**Exercise instructions**
Starting at the line with "Bộ lọc dầu 20801-02121" and stopping at the final line, retype the data below exactly; do not carry over any pictures.

--- Input data Enclosed Below ---

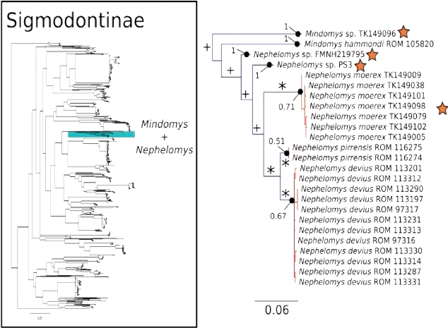 The COI gene tree of the subfamily Sigmodontinae (tree C; Figures 4 to 7) consisted of 1,020 unique sequences, and the maximum likelihood species delimitation returned 153 candidate species. The genus Oligoryzomys was recovered as polyphyletic. The Otonga samples of Oligoryzomys destructor are sister to a clade of Oligoryzomys species including 6 candidate species within O. fulvescens and a sample identified as O. nigripes (Figure 4). The genera Mindomys and Nephelomys form a monophyletic group. However, the genus Mindomys (M. hammondi and an undescribed Mindomys from Otonga) was not recovered monophyletic (Figure 5). The specimens of Nephelomys from Sangay National Park might correspond to two different species, with a divergence of 5.6 %, and Nephelomys moerex from Otonga is sister to two Nephelomys species from Central America (Figure 5). The genus Hylaeamys was recovered as monophyletic and H. tatei was nested well inside the genus, as sister to a clade comprised of 6 candidate species currently identified within H. yunganus (Figure 6). Both species of Rhipidomys from Ecuador form a monophyletic group sister to a clade formed by R. scandens, R. leucodactylus (2 putative species), and R. nitela (Figure 7).
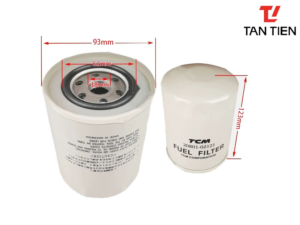 Bộ lọc dầu 20801-02121 có kích thước 123x93x18mm là bộ lọc dầu nhiên liệu Diesel dùng cho xe nâng TCM 3.5-5 tấn dòng T8, Z8 và T9.
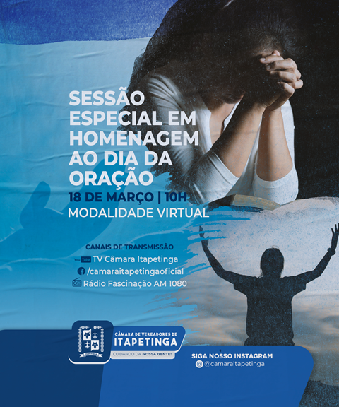 Por iniciativa do vereador Luciano Almeida (MDB), a Câmara Municipal de Itapetinga vai realizar uma sessão especial para celebrar o Dia Mundial da Oração, comemorado neste mês de março. O evento virtual acontecerá nesta quinta-feira (18), às 10 horas.

--- End of Enclosed Input data ---

**Finished exercise**
 Bộ lọc dầu 20801-02121 có kích thước 123x93x18mm là bộ lọc dầu nhiên liệu Diesel dùng cho xe nâng TCM 3.5-5 tấn dòng T8, Z8 và T9.
 Por iniciativa do vereador Luciano Almeida (MDB), a Câmara Municipal de Itapetinga vai realizar uma sessão especial para celebrar o Dia Mundial da Oração, comemorado neste mês de março. O evento virtual acontecerá nesta quinta-feira (18), às 10 horas.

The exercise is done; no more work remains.